In this post hoc longitudinal analysis of the Clot Lysis: Evaluating Accelerated Resolution of Intraventricular Hemorrhage phase 3 trial (CLEAR-III) and the Minimally Invasive Surgery Plus Alteplase for Intracerebral Hemorrhage Evacuation (MISTIE-III) phase 3 trial, more than 40% of patients with poor outcome at day 30 recovered to good outcome by 1 year. Inclusion of hospital events and hematoma volume reduction was significantly associated with enhanced discrimination of eventual functional recovery at 1 year.

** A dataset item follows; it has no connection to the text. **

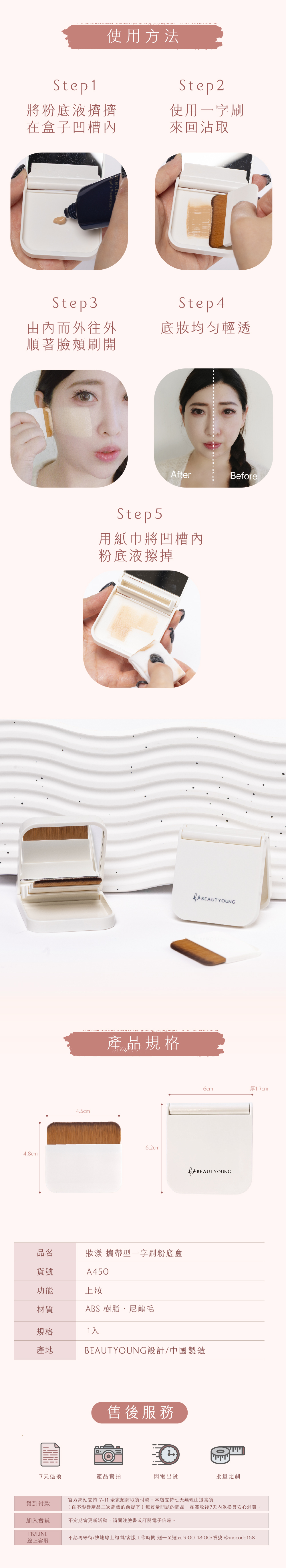 ●內含粉底液凹槽:可擠壓粉底並均勻沾取,乾淨不沾手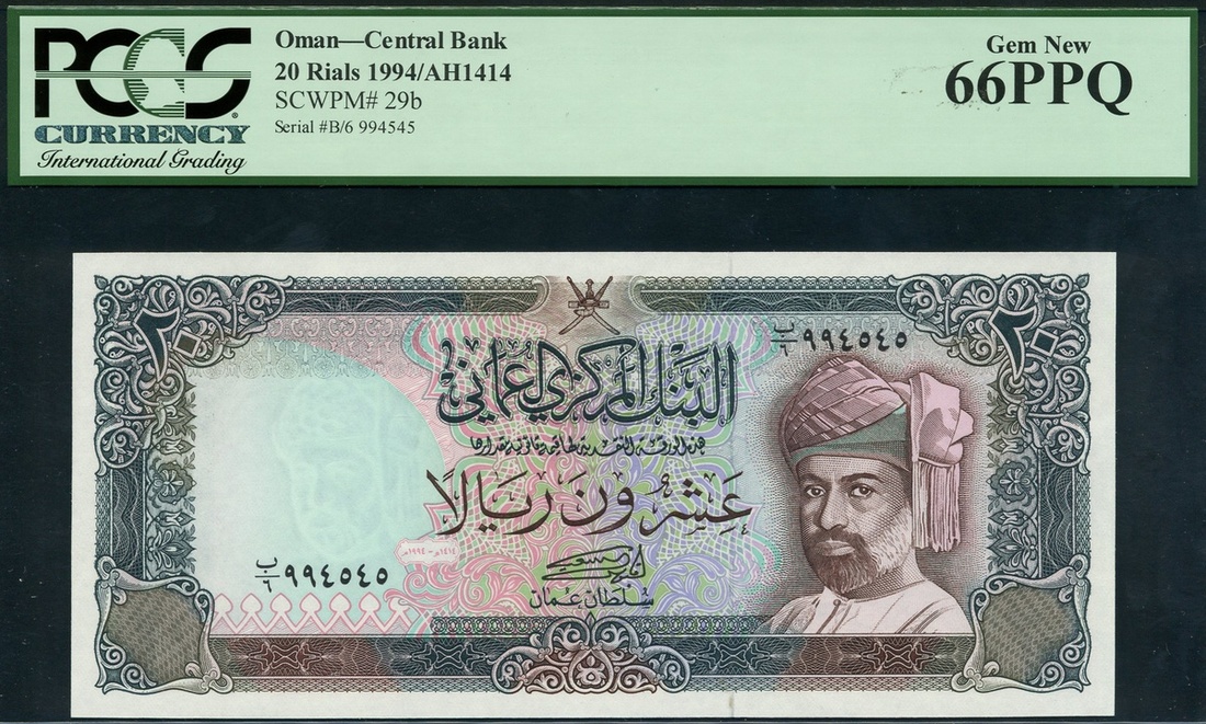 (x) Central Bank of Oman, 20 rials, 1994, serial number B/6 994545, grey-green on multicolour underprint, portrait Sultan Qaboos bin Said at right, value top left and right, highly ornate border, reverse, bank headquarters

The findings indicate that hospital events significantly influenced long-term functional recovery after ICH and IVH, suggesting that aggressive ICH and IVH resolution and prevention of systemic complications and cerebral ischemic injury may promote better outcomes among patients with ICH and IVH with high clinical severity.
Patients who survive severe intracerebral hemorrhage (ICH) and intraventricular hemorrhage (IVH) typically have poor functional outcome in the short term and understanding of future recovery is limited.
To describe 1-year recovery trajectories among ICH and IVH survivors with initial severe disability and assess the association of hospital events with long-term recovery.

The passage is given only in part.